From: Gerd König <koenig(at)transporeon(dot)com>
To: Tim Uckun <timuckun(at)gmail(dot)com>
Cc: pgsql-general <pgsql-general(at)postgresql(dot)org>
Subject: Re: Huge sample dataset for testing.
Date: 2009-04-28 11:46:34
Message-ID: 49F6EC9A.3080507@transporeon.com
Views: Raw Message | Whole Thread | Download mbox | Resend email
Lists: pgsql-general

Hello Tim,

you can create this by yourself very easily, e.g. you have a table
CREATE TABLE test1
(
a_int serial NOT NULL,
a_text character varying(200),
dt timestamp without time zone DEFAULT now(),
primary key (a_int)
);
create a bunch of data with something like:
insert into test1 (a_text) (select 'this is row number: '||i::text from (select
generate_series(1,1000000) as i) as q);

regards...GERD...

Tim Uckun schrieb:
> Does anybody know if there is a sample database or text files I can
> import to do some performance testing?
>
> I would like to have tables with tens of millions of records if possible.
>
>

--
/===============================\
| Gerd König
| - Infrastruktur -
|
| TRANSPOREON GmbH
| Pfarrer-Weiss-Weg 12
| DE - 89077 Ulm
|
|
| Tel: +49 [0]731 16906 16
| Fax: +49 [0]731 16906 99
| Web: www.transporeon.com
|
\===============================/

Bleiben Sie auf dem Laufenden.
Jetzt den Transporeon Newsletter abonnieren!
http://www.transporeon.com/unternehmen_newsletter.shtml

TRANSPOREON GmbH, Amtsgericht Ulm, HRB 722056
Geschäftsf.: Axel Busch, Peter Förster, Roland Hötzl, Marc-Oliver Simon


From: "A(dot) Kretschmer" <andreas(dot)kretschmer(at)schollglas(dot)com>
To: pgsql-general(at)postgresql(dot)org
Subject: Re: Huge sample dataset for testing.
Date: 2009-04-28 11:49:33
Message-ID: 20090428114933.GD13320@a-kretschmer.de
Views: Raw Message | Whole Thread | Download mbox | Resend email
Lists: pgsql-general

In response to Tim Uckun :
> Does anybody know if there is a sample database or text files I can import to
> do some performance testing?
>
> I would like to have tables with tens of millions of records if possible.

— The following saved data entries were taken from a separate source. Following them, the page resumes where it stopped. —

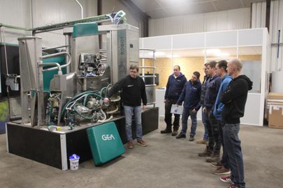 Afin d'accueillir du public dans des conditions adaptées à l’apprentissage, la direction a choisi de convertir un bâtiment de stockage de 230 m2 dont disposait la base de Villedieu-les-Poêles, située à proximité du siège social de Fleury, dans la Manche. Une salle destinée à la formation théorique a été aménagée. Dotée d’un écran, d’un vidéoprojecteur et de tables de travail, elle peut accueillir une dizaine de personnes. Dans ce même bâtiment, Élevance a installé une stalle de robots GEA, sur laquelle les stagiaires peuvent travailler en conditions presque réelles. « Nous n’avons pas d’animaux sur le site, mais disposer d’un robot de traite fonctionnel est vraiment intéressant pour les techniciens, précise Guillaume Catherine. Grâce à ce matériel, le formateur organise des sessions complètes : installation et branchements, changement de pièces, entretien, simulation de diverses pannes… Jusqu’à présent, ce type de stage était beaucoup plus théorique. Il nous arrivait d’aller travailler chez un éleveur autour du robot de l’exploitation, mais le temps consacré aux manipulations était souvent restreint. Il ne nous était pas possible de réaliser autant d’interventions lorsque des vaches attendaient pour passer à la traite. Désormais, l’apprentissage est nettement plus complet et plus intéressant. »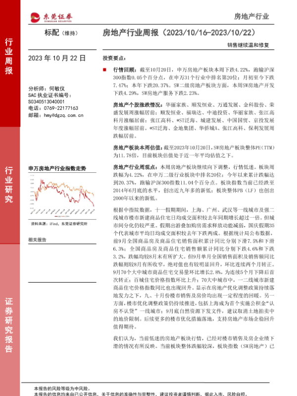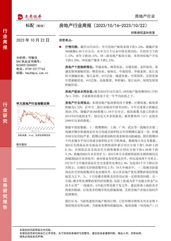 【东莞证券】【20231022】房地产行业周报:销售继续温和修复-13页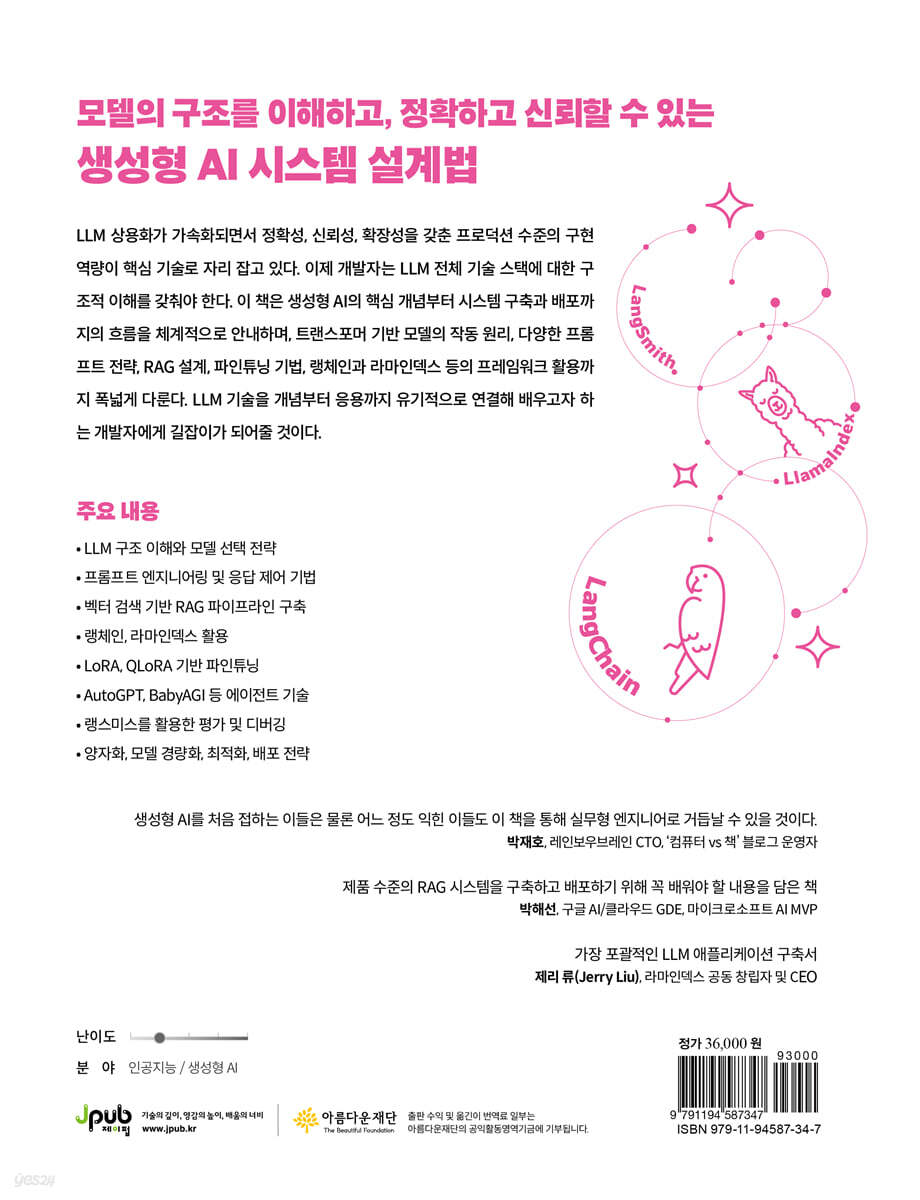 이 책은 현재까지 출간된 LLM 애플리케이션 구축에 관한 가장 포괄적인 교재로, 학습자들이 기본부터 간단한 응용까지 LLM 애플리케이션의 구성 요소를 이해할 수 있도록 돕는다. 응용 주제에는 프롬프트 작성, RAG, 에이전트, 파인튜닝, 배포 등 AI 엔지니어의 도구 상자에서 필수적인 주제가 포함된다. - 제리 류(Jerry Liu) (LlamaIndex 공동 창립자, CEO)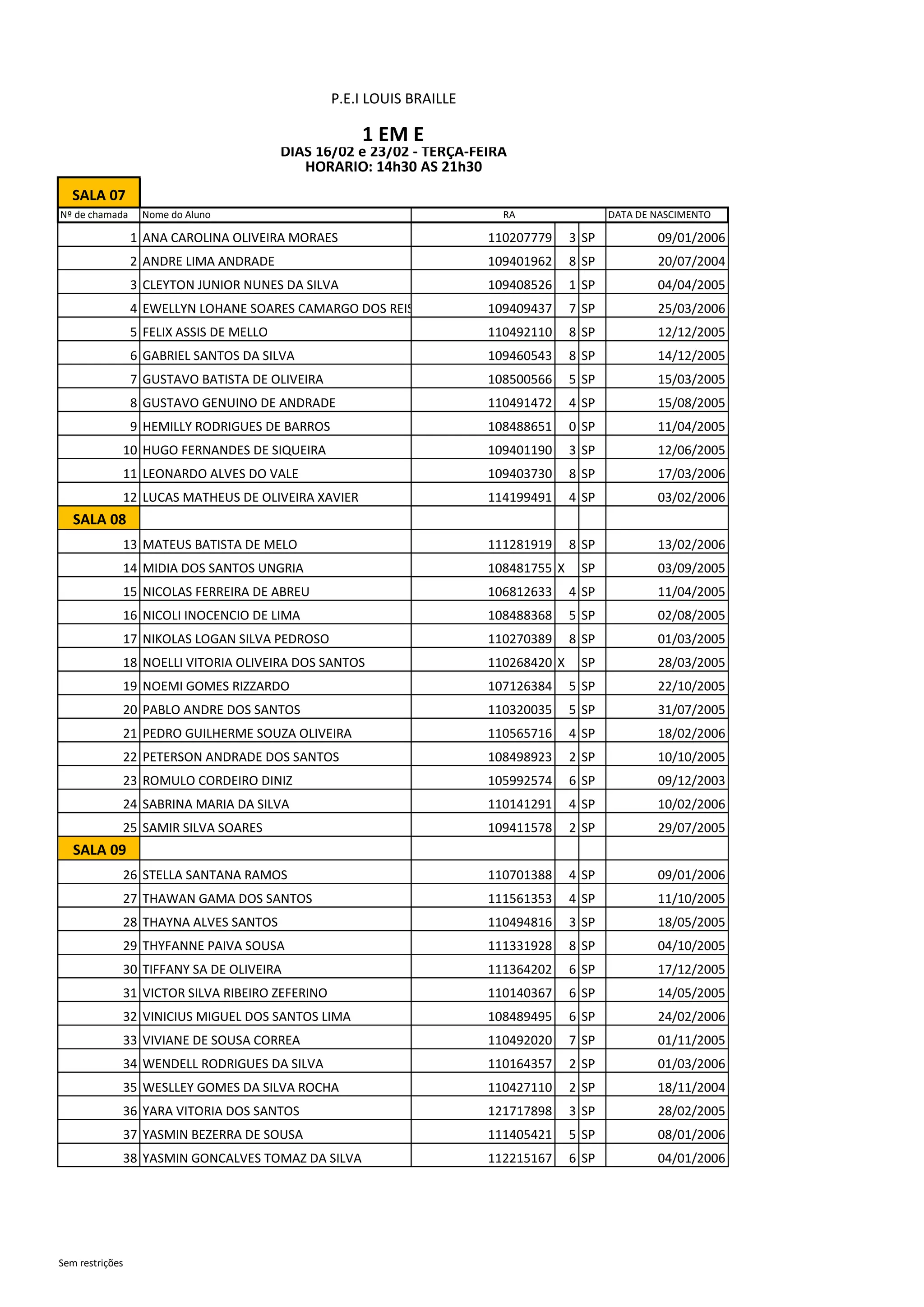 O documento lista os nomes e datas de nascimento de 38 alunos divididos em 3 salas de aula. Também fornece informações sobre um curso de capacitação em libras marcado para duas terças-feiras em fevereiro com horário das 14h30 às 21h30 e sem restrições.

It is easy to create such a table:

test=# create table huge_data_table as select s, md5(s::text) from generate_series(1,10) s;
SELECT
test=*# select * from huge_data_table ;
s | md5
----+----------------------------------
1 | c4ca4238a0b923820dcc509a6f75849b
2 | c81e728d9d4c2f636f067f89cc14862c
3 | eccbc87e4b5ce2fe28308fd9f2a7baf3
4 | a87ff679a2f3e71d9181a67b7542122c
5 | e4da3b7fbbce2345d7772b0674a318d5
6 | 1679091c5a880faf6fb5e6087eb1b2dc
7 | 8f14e45fceea167a5a36dedd4bea2543
8 | c9f0f895fb98ab9159f51fd0297e236d
9 | 45c48cce2e2d7fbdea1afc51c7c6ad26
10 | d3d9446802a44259755d38e6d163e820
(10 rows)

Change the 2nd parameter from 10 to <insert a big number>

Andreas
--
Andreas Kretschmer
Kontakt: Heynitz: 035242/47150, D1: 0160/7141639 (mehr: -> Header)
GnuPG-ID: 0x3FFF606C, privat 0x7F4584DA http://wwwkeys.de.pgp.net


From: Tim Uckun <timuckun(at)gmail(dot)com>
To: "A(dot) Kretschmer" <andreas(dot)kretschmer(at)schollglas(dot)com>
Cc: pgsql-general(at)postgresql(dot)org
Subject: Re: Huge sample dataset for testing.
Date: 2009-04-28 12:29:36
Message-ID: 855e4dcf0904280529j372748f9td1494c75919f9e25@mail.gmail.com
Views: Raw Message | Whole Thread | Download mbox | Resend email
Lists: pgsql-general

>
> > I would like to have tables with tens of millions of records if possible.
>
> It is easy to create such a table:
>
> test=# create table huge_data_table as select s, md5(s::text) from
> generate_series(1,10) s;

Thanks I'll try something like that.

I guess can create some random dates or something for other types of fields
too.

I was hoping there was already something like this available though because
it's going to take some time to create relations and such.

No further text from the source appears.